Esmerald automatically handles the encoder types (Pydantic for User and Msgspec for Address), so you don't have to manually process the encoding and decoding of your data.


⚠️ Important Note on Complex Bodies

Once you add an extra body (like address), you must declare it explicitly in your handler.

Example of Declaring Complex Request Data:

from pydantic import BaseModel, EmailStr
from typing import Union
from esmerald import Esmerald, Gateway, post

class User(BaseModel):
    name: str
    email: EmailStr

class Address(BaseModel):
    street_name: str
    post_code: str

@post("/create")
async def create_user(data: User, address: Union[Address, None] = None) -> None:
    ...

app = Esmerald(routes=[Gateway(handler=create_user)])

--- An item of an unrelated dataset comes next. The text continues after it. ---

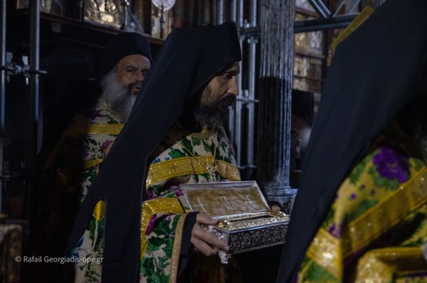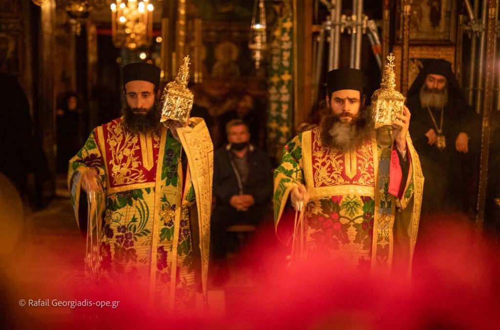 Χθες, μετά το πέρας της απογευματινής Τράπεζας οι καμπάνες ήχησαν, σημαίνοντας την έναρξη της πανηγυρικής Αγρυπνίας. Του Πανηγυρικού Αρχιερατικού Εσπερινού της Αγρυπνίας προεξήρχε ο Θεοφιλέστατος Επίσκοπος Λήδρας κ. Επιφάνιος πλαισιούμενος από τον Πανιερώτατο Μητροπολίτη Λεμεσού κ. Αθανάσιο, τον Θεοφιλέστατο Επίσκοπο Αμαθούντος κ. Νικόλαο, τον Πανοσιολογιώτατο Καθηγούμενο της Ιεράς Μεγίστης Μονής Βατοπαιδίου Γέροντα Εφραίμ, και τους Πανοσιολογιωτάτους Καθηγουμένους Αρχιμανδρίτη Παΐσιο της Ιεράς Μονής Τιμίου Προδρόμου Μέσα Ποταμού , Αρχιμανδρίτη Γενναδίου της Ιεράς Μονής Αρχαγγέλου Μιχαήλ στο Μονάγρι, Αρχιμανδρίτη Νείλου της Ιεράς Μονής Συμβούλου Χριστού , Βατοπαιδινούς Πατέρες και άλλους ιερείς, ιερομόναχους και διακόνους.

Request Payload (Explicit Declaration):

{
    "data": {
        "name": "John",
        "email": "john.doe@example.com"
    },
    "address": {
        "street_name": "123 Queens Park",
        "post_code": "90241"
    }
}

Esmerald requires the explicit declaration of each part of the payload when working with complex bodies.


📌 Conclusion

With Esmerald, you can easily handle complex request data, split data into multiple parts, and use advanced techniques like optional fields and different encoders. Whether you're handling a single object or complex nested data, Esmerald's flexibility ensures you can build scalable, well-structured APIs with ease.